— Потому что только будучи парикмахером, ты сможешь кому-нибудь безнаказанно перерезать горло. По-другому ты просто не умеешь! Ты просто еще не сталкивался с настоящим противником — потому до сих пор жив. Вы — банда дилетантов, способная только расстреливать безоружных…

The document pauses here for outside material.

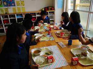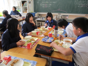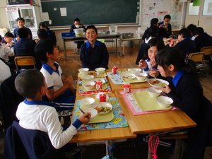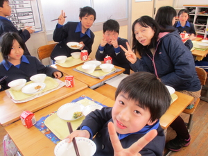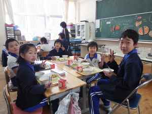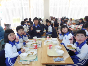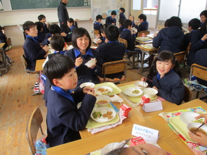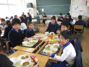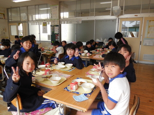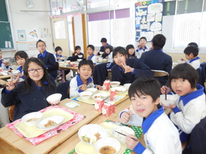 |   | |  | | 平成29年度 トピックス 今日から1週間、「なかよし給食」が始まります。「なかよし給食」とは、6年生の子どもたちが卒業を前にして、1年生から5年生のみんなと給食を一緒に食べようという企画です。6年生が中心に考えてくれました。6年生が班ごとに、各学年の給食の時間に入って行って、おしゃべりをしながら楽しみました。1週間ですべての6年生が、どの学年にも入る予定です。 明日は、授業研究会がありますので、下校時刻が変更となります。どうぞよろしくお願いします。

Профессор взмахнул автоматом, приказывая Шагровскому начать отход и сам с неожиданной ловкостью выскользнул из своего тесного убежища между валунами, продолжая говорить в микрофон уоки-токи:
— Ты, наверное, считаешь себя военным, элитой, а на деле — ты простое пушечное мясо, не способное справиться со стариком и двумя любителями. Да в моем дерьме больше мужества и профессионализма, чем в тебе и твоем сброде…
Он таки довел Вальтера до бешенства.
Валентин с дядей едва успели шагнуть за скалу, как по камням хлестнуло свинцовой плетью. Откуда стреляли, было не рассмотреть — да они и не смотрели: уже неслись во весь дух к своей пещере, под прикрытие автомата Арин. Та, завидев своих, выскочила на каменный карниз, неловко поддерживая оружие за ствол раненой рукой.
— Целы? Вы целы? — голос девушки выдавал напряжение последних минут.
— Целы… — просипел профессор, подбегая. Валентин держался сзади, то и дело оглядываясь через плечо. — Ох, и весело сейчас будет, если не успеем…
— В пещеру? — спросил Шагровский, поравнявшись с дядей.
— По тропе, наверх, — выдохнул тот, подхватывая Арин под руку. — Наверх, нам надо успеть перебежать назад, пока они будут искать нас здесь. Я для этого их и злил. Теперь у него одна мысль — разорвать меня на части. Быстрее, ребята, быстрее…
На вершину скалы они не взбежали — взлетели, и Валентин в очередной раз удивился физической кондиции родственника. Если в свои шестьдесят с лишком он был таким, то каким же он был лет в тридцать? Сам Шагровский, сравнительно молодой, тренированный, опытный, чувствовал себя так, будто бы по нему проскакал небольшой табун лошадей. Болела каждая клеточка тела, льющийся с небес жар превращал мозги в булькающее желе, пот застилал глаза. Хотелось лечь в тень и умереть, не было желания даже пить. Перед глазами пульсировали черные дрожащие шары и сердце поднималось из груди к горлу. Но раскисать возможности не было. Он забросил рюкзак за спину (контейнер больно треснул по лопаткам) и, пригибаясь, понесся по неровному хребту скалы вслед за профессором и Арин, прыгая через трещины, как горный козел.
Глава 4
Греция. Остров Патмос.
Ноябрь 1100 года.
Я старею, — подумал Спирос и, сдержав стон, помассировал больное плечо. — Проклятая осень».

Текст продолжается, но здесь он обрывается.